Scan the entries below for the string "still" and copy every line where it turns up.

━━━━━━━━━━━━━━━━━━━━━━━━━━━━━━

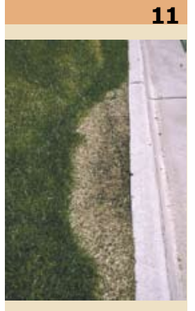
Salt injury on turf.

Herbicide injury symptoms vary with the plant and the herbicide applied. Understanding the mode of action of herbicides and their effects on non-target plants will aid in recognizing injury symptoms and distinguishing herbicide injury from other abiotic and biotic problems. Three widely used types of herbicides are growth regulators, photosynthetic inhibitors and plant enzyme inhibitors. Growth regulatory herbicides such as 2,4-D are plant hormones that act by causing irregular growth. Essentially, weeds grow themselves to death. Symptoms of plant growth regulator herbicides' action on weeds include leaf cupping and twisted, distorted growth. These same symptoms are found on non-target plants. Photosynthetic inhibitors such as atrazine and simazine act by interrupting normal photosynthesis. These compounds block the mechanism that transforms sunlight into energy. Photosynthesis inhibitors require sunlight to work. Injury symptoms, which
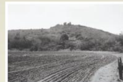
Six acres of hay and grain fields
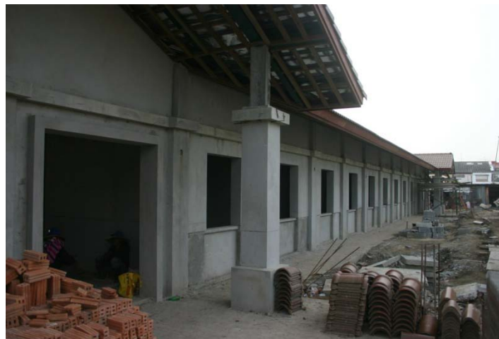
Photo 3 - New building - Classroom Wing

The new building is larger than any of the existing buildings in Thailand. As you can see from the photograph the construction is mostly cinder block covered by plaster with steel for the roof joist. The roof tiles awaiting installation can be seen in photographs 3b and 4. We arrived at the site at about 6pm on Friday and yet there were many construction workers still engaged in work, including several females.
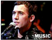
Pop Review: Sufjan Stevens
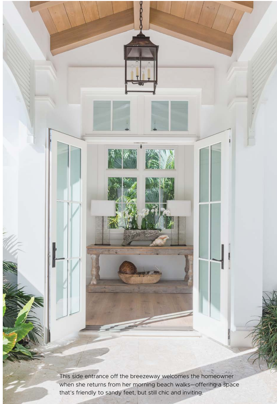
This side entrance off the breezeway welcomes the homeowner when she returns from her morning beach walks—offering a space that’s friendly to sandy feet, but still chic and inviting.

“Designing someone’s home is the most personal thing you can be asked to do. It requires total trust and commitment to the process. Our goal is for the home to be a reflection of the people who live there, their values, history, and dreams.”
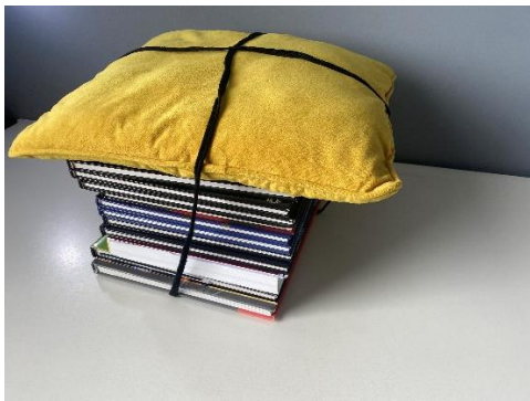
Footrest made of old books and a pillow
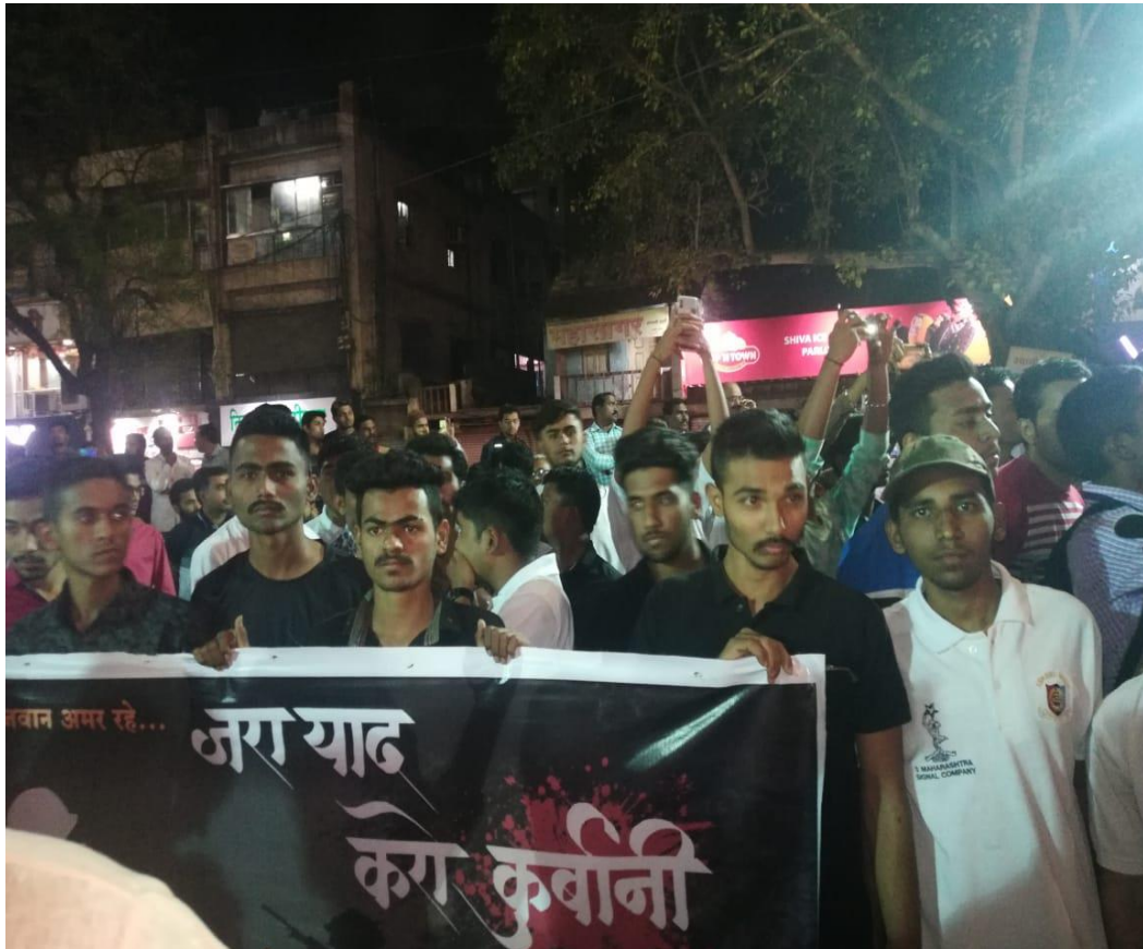
Candle March against Phulwama Attack (16/2/2019)

The candle light march started from Shri Shivaji Science College with raising slogan against Pakistan and terrorists upto Rajkamal Square Amravati. The NCC cadets, Hundreds of students including girls gathered at Rajkamal Square in Amravati demanding firm action on those responsible for attack

━━━━━━━━━━━━━━━━━━━━━━━━━━━━━━

ANSWER TO THE EXERCISE →
The new building is larger than any of the existing buildings in Thailand. As you can see from the photograph the construction is mostly cinder block covered by plaster with steel for the roof joist. The roof tiles awaiting installation can be seen in photographs 3b and 4. We arrived at the site at about 6pm on Friday and yet there were many construction workers still engaged in work, including several females.
This side entrance off the breezeway welcomes the homeowner when she returns from her morning beach walks—offering a space that’s friendly to sandy feet, but still chic and inviting.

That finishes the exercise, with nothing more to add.